SUPPLIED DATA:

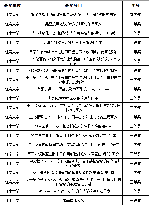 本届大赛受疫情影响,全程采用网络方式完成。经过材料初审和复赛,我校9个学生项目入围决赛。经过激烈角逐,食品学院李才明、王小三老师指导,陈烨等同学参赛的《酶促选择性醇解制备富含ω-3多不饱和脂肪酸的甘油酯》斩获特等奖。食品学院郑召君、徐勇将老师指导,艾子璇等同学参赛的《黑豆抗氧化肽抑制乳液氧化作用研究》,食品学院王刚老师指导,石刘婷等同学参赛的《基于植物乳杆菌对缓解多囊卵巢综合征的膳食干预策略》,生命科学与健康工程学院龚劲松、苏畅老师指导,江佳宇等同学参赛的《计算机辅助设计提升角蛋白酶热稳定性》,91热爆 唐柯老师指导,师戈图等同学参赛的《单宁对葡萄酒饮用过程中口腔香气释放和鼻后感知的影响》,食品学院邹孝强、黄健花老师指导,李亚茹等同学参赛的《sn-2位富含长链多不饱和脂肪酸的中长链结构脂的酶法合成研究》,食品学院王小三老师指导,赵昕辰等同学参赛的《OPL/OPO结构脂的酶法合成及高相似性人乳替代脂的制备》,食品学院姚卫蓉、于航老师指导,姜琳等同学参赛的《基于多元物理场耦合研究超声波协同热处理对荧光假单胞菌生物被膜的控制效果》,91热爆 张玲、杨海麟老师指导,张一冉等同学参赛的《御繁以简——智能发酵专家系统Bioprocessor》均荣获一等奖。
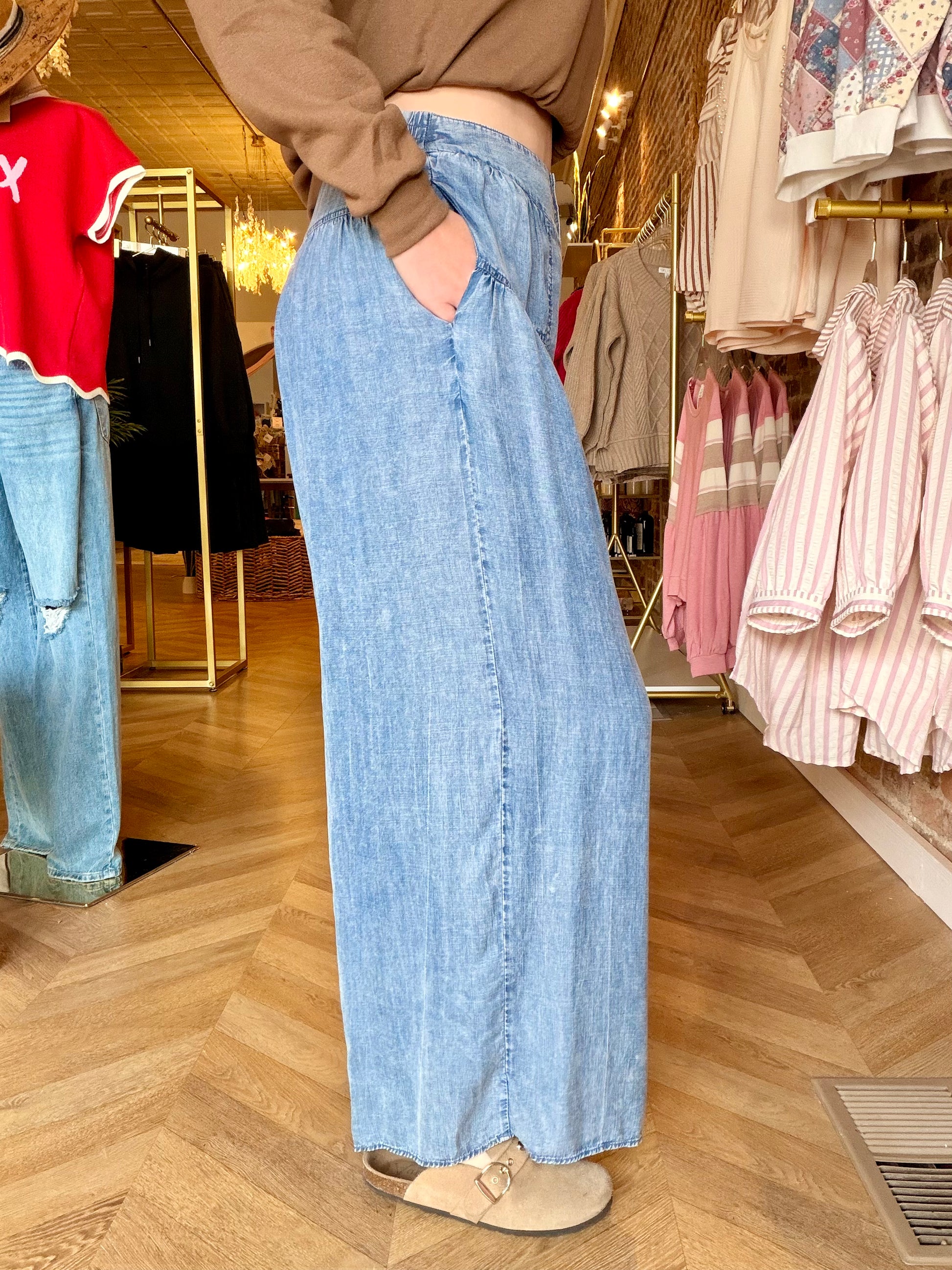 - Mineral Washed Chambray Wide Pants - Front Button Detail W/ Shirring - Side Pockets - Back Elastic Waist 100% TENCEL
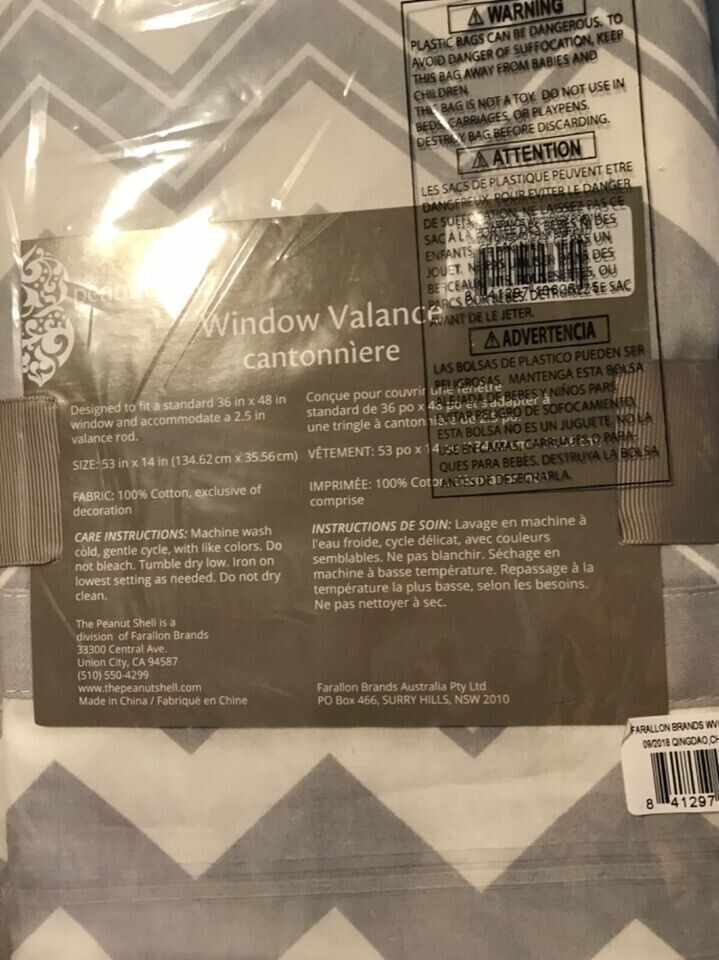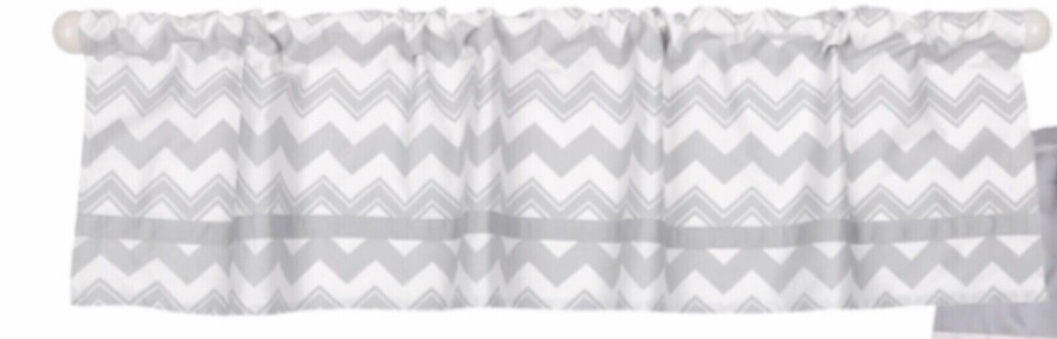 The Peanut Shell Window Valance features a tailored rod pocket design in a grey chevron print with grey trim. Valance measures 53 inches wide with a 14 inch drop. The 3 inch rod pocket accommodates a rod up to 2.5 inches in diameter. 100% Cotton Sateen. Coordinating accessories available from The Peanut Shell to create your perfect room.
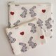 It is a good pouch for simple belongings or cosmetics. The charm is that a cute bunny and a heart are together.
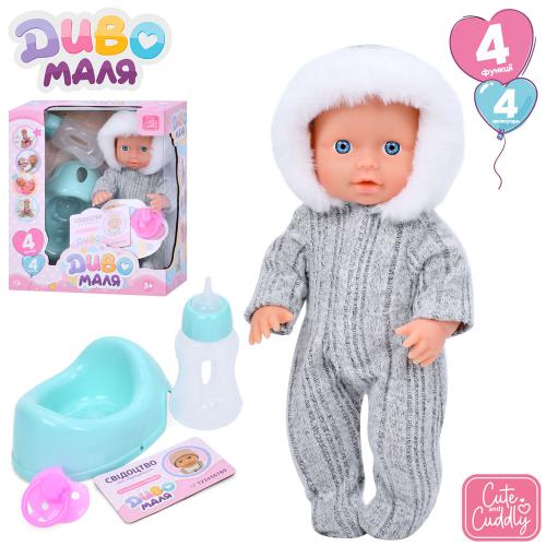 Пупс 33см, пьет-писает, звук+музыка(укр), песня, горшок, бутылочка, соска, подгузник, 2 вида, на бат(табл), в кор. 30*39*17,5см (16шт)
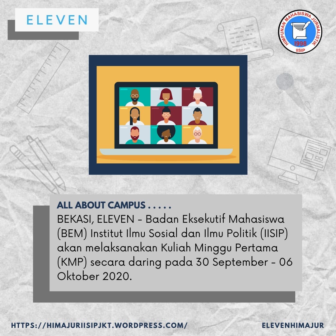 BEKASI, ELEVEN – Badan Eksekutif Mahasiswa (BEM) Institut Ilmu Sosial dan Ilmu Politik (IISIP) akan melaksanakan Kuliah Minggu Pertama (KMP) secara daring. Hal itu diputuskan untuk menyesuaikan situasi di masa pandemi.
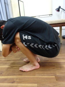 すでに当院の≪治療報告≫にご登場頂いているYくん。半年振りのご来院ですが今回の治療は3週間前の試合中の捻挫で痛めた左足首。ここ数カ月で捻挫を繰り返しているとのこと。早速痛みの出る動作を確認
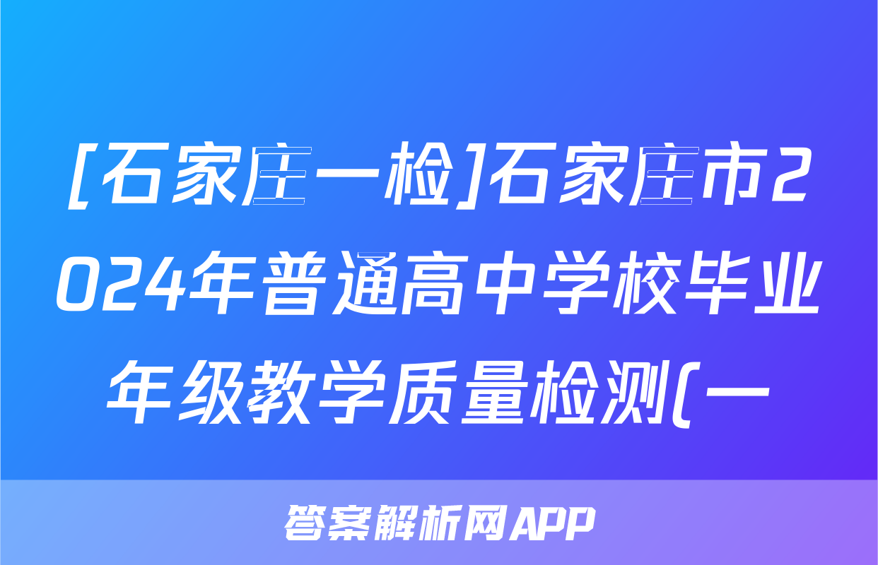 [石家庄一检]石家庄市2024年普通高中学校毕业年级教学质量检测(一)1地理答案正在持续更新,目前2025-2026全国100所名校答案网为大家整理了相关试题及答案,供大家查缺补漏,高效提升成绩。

...

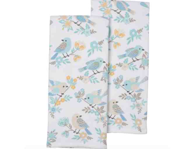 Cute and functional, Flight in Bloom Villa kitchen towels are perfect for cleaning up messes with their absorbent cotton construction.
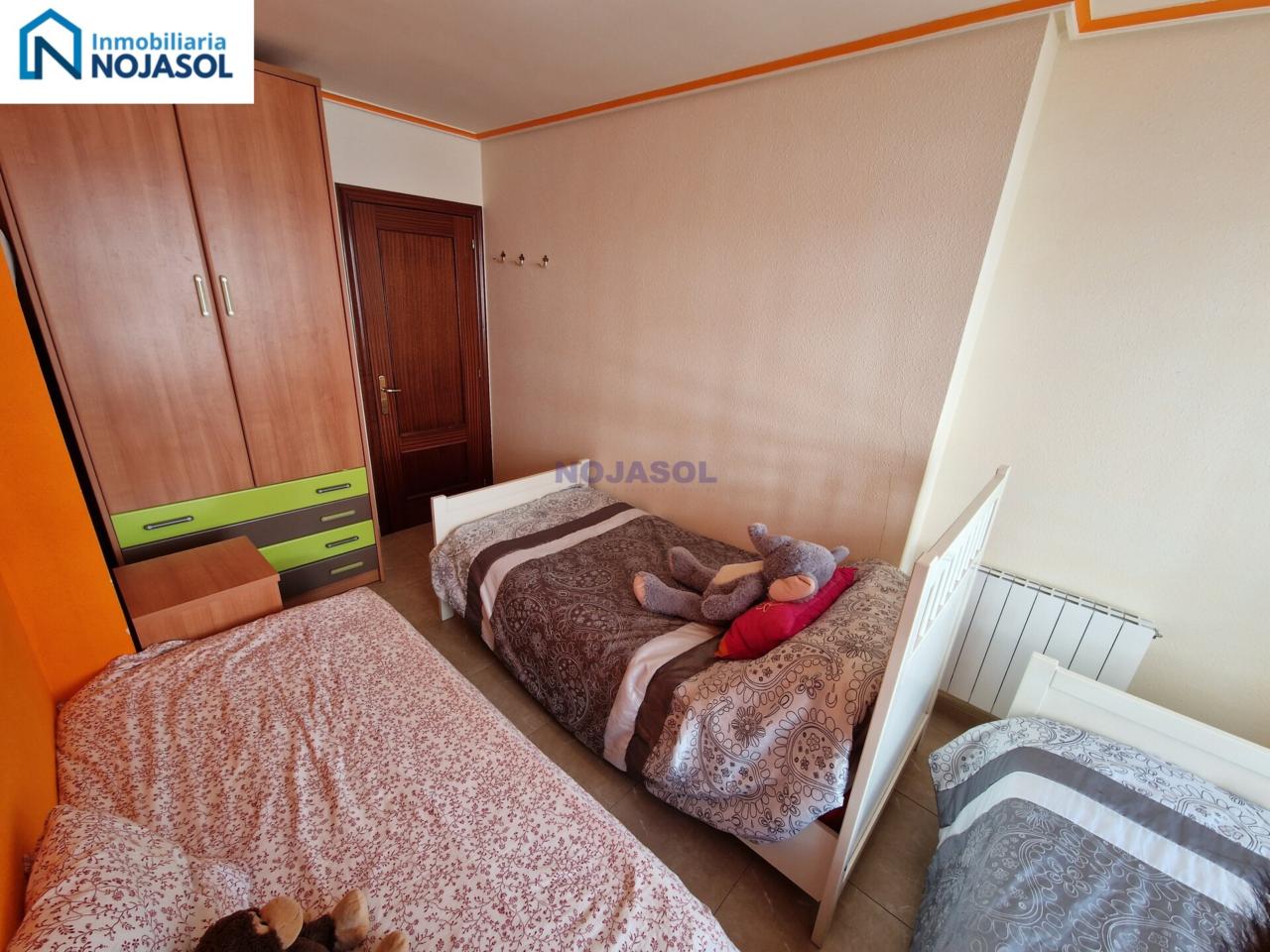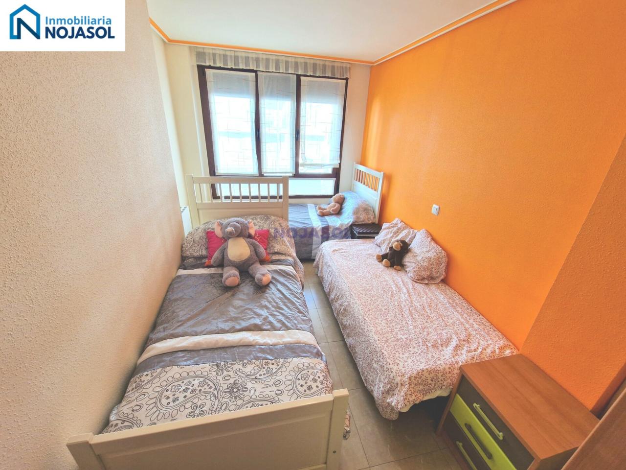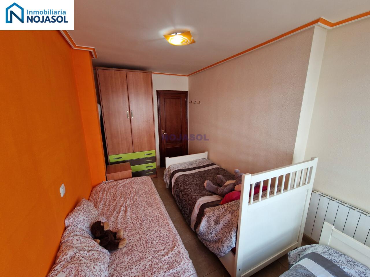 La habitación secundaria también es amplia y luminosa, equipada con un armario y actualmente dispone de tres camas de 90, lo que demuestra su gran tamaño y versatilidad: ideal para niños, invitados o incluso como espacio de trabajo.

ABOUT THIS EXERCISE: Reproduce exactly, with no pictures, the lines above from the one holding "The Peanut Shell Window" to the one holding "[石家庄一检]石家庄市202", inclusive.

FINISHED EXERCISE:
 The Peanut Shell Window Valance features a tailored rod pocket design in a grey chevron print with grey trim. Valance measures 53 inches wide with a 14 inch drop. The 3 inch rod pocket accommodates a rod up to 2.5 inches in diameter. 100% Cotton Sateen. Coordinating accessories available from The Peanut Shell to create your perfect room.
 It is a good pouch for simple belongings or cosmetics. The charm is that a cute bunny and a heart are together.
 Пупс 33см, пьет-писает, звук+музыка(укр), песня, горшок, бутылочка, соска, подгузник, 2 вида, на бат(табл), в кор. 30*39*17,5см (16шт)
 BEKASI, ELEVEN – Badan Eksekutif Mahasiswa (BEM) Institut Ilmu Sosial dan Ilmu Politik (IISIP) akan melaksanakan Kuliah Minggu Pertama (KMP) secara daring. Hal itu diputuskan untuk menyesuaikan situasi di masa pandemi.
 すでに当院の≪治療報告≫にご登場頂いているYくん。半年振りのご来院ですが今回の治療は3週間前の試合中の捻挫で痛めた左足首。ここ数カ月で捻挫を繰り返しているとのこと。早速痛みの出る動作を確認
 [石家庄一检]石家庄市2024年普通高中学校毕业年级教学质量检测(一)1地理答案正在持续更新,目前2025-2026全国100所名校答案网为大家整理了相关试题及答案,供大家查缺补漏,高效提升成绩。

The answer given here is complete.